• **Exercise directions**:
What you output must be the exact lines from the first line of the data through the one holding "เมื่อวันที่ 26 มี.ค.", with no pictures.
*** Opening Stored data ***
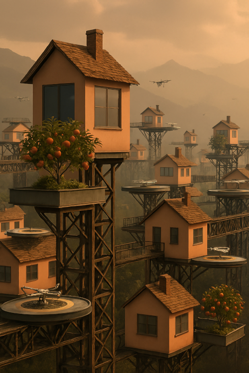 未来都市といっても、画像のようなものにはならないとは思うが、しっくりくるものはないかと思う。下の画像ではドローンを移動手段にしているが、そうなるとは思えない。
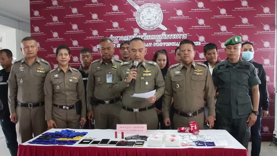 เมื่อวันที่ 26 มี.ค. ที่กองบังคับการตำรวจภูธรนครศรีธรรมราช พล.ต.ต.ฐากูร เนตรพุกกณะ ผบก.จว.นครศรีธรรมราช แถลงจับกุมแก๊งค้ายาเสพติด พร้อมของกลางยาบ้า 21,160 เม็ด ไอซ์ 76.94 กรัม อาวุธปืนและเครื่องกระสุน รวมทั้งโทรศัพท์มือถืออีก 5 เครื่อง ได้ผู้ต้องหาจำนวน 5 ราย คือนายเฉลิมศักดิ์ นมาภรณ์ อายุ 28 ปี , นายทินกร ชูแท่น อายุ 31 ปี , นายเกียรติขจร หมอบุญ อายุ 33 ปี , นายวิษณุ ชูแก้ว อายุ 27 ปี
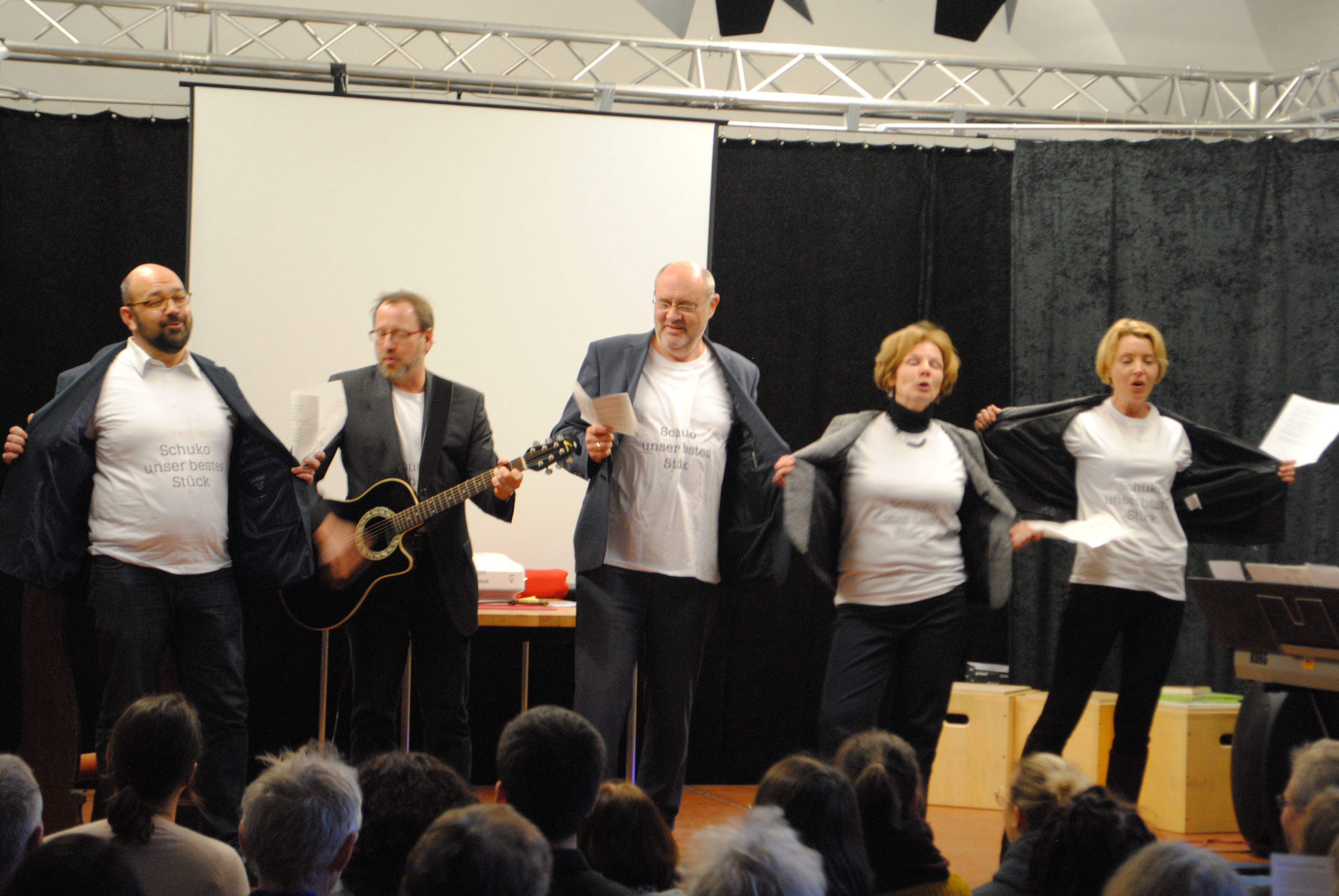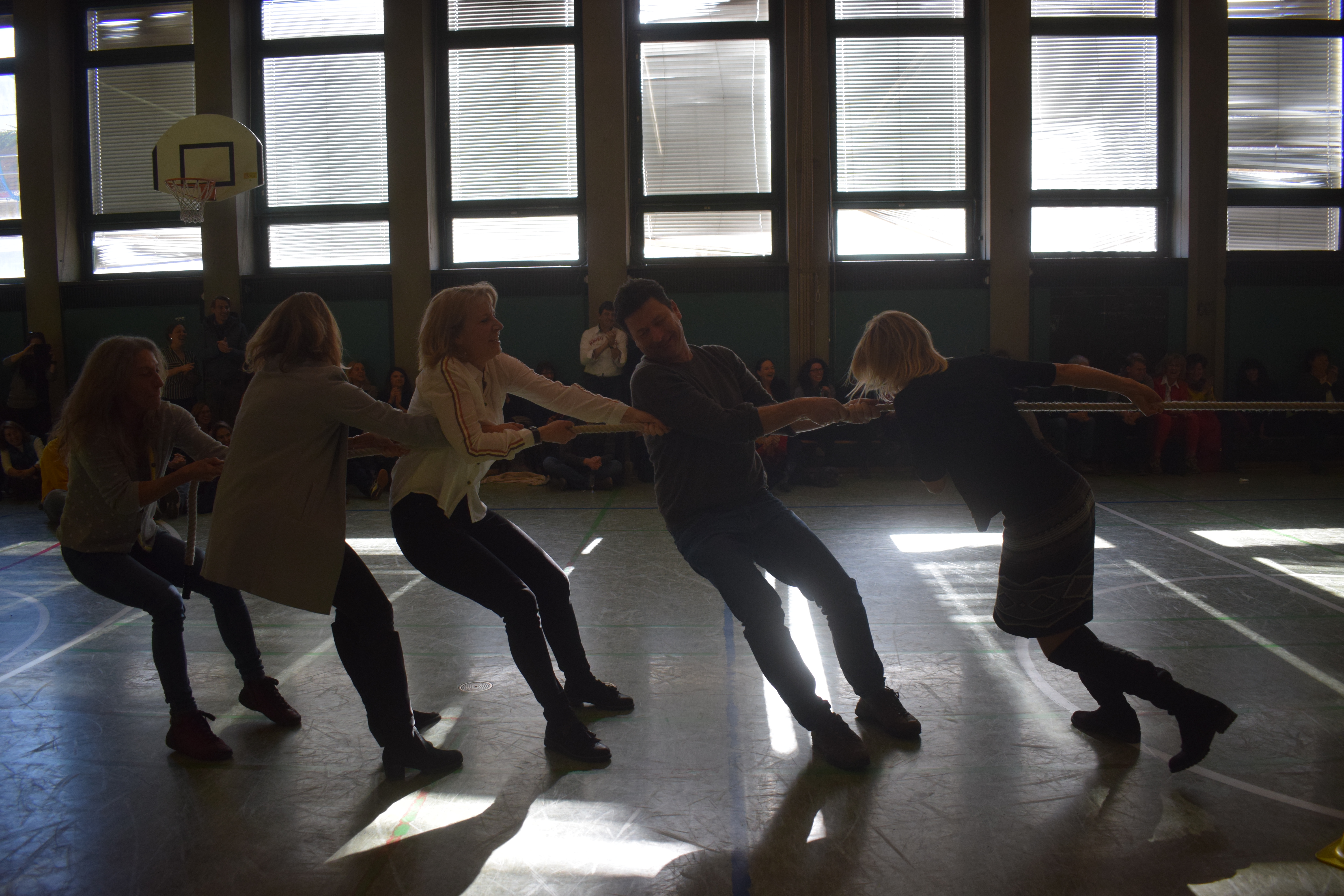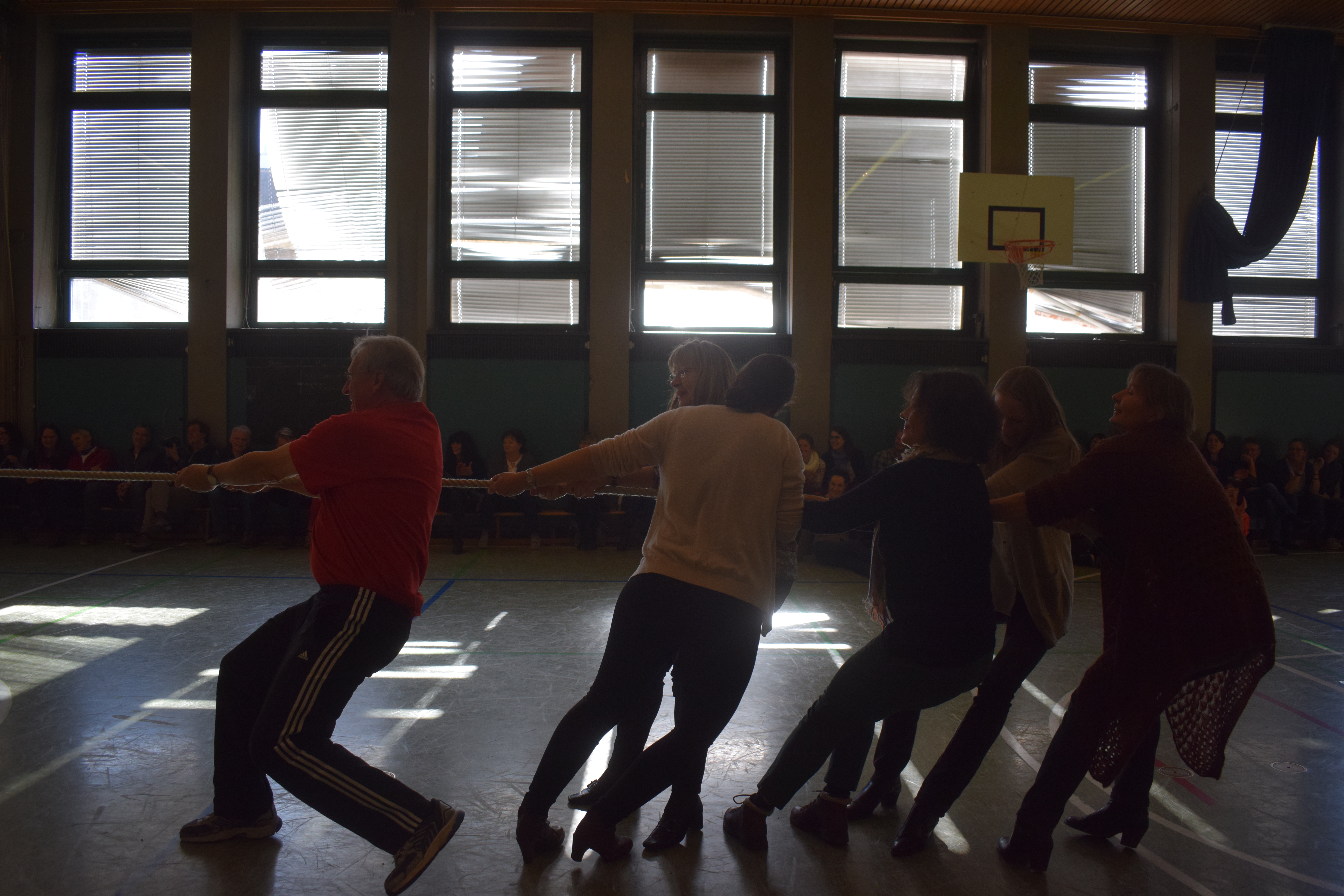 Unter der Moderation von Herrn Gangloff maß sich Herr Schuhknecht mit Herrn Fiedler im Körbewerfen, schoss 11-Meter gegen Herrn Hildensperger, zog (zusammen mit starken Frauen aus dem Kollegium) am Seil und stellte an Seite einer professionellen Tänzerin und ehemaligen Holbeinschülerin seine Tanz-Skills vor einer Jury (bestehend aus Herrn Stief, Herrn Link und Herrn Fiedler) unter Beweis. Als der sichtlich gerührte Sieger dann schließlich seine Preise entgegengenommen hatte, verlagerte sich die Veranstaltung in den Theaterraum im Altbau, wo eine Aneinanderreihung von Präsentationen, Film- und Livebeiträgen wartete.
*** Closing Stored data ***
• **Exercise answer**:
 未来都市といっても、画像のようなものにはならないとは思うが、しっくりくるものはないかと思う。下の画像ではドローンを移動手段にしているが、そうなるとは思えない。
 เมื่อวันที่ 26 มี.ค. ที่กองบังคับการตำรวจภูธรนครศรีธรรมราช พล.ต.ต.ฐากูร เนตรพุกกณะ ผบก.จว.นครศรีธรรมราช แถลงจับกุมแก๊งค้ายาเสพติด พร้อมของกลางยาบ้า 21,160 เม็ด ไอซ์ 76.94 กรัม อาวุธปืนและเครื่องกระสุน รวมทั้งโทรศัพท์มือถืออีก 5 เครื่อง ได้ผู้ต้องหาจำนวน 5 ราย คือนายเฉลิมศักดิ์ นมาภรณ์ อายุ 28 ปี , นายทินกร ชูแท่น อายุ 31 ปี , นายเกียรติขจร หมอบุญ อายุ 33 ปี , นายวิษณุ ชูแก้ว อายุ 27 ปี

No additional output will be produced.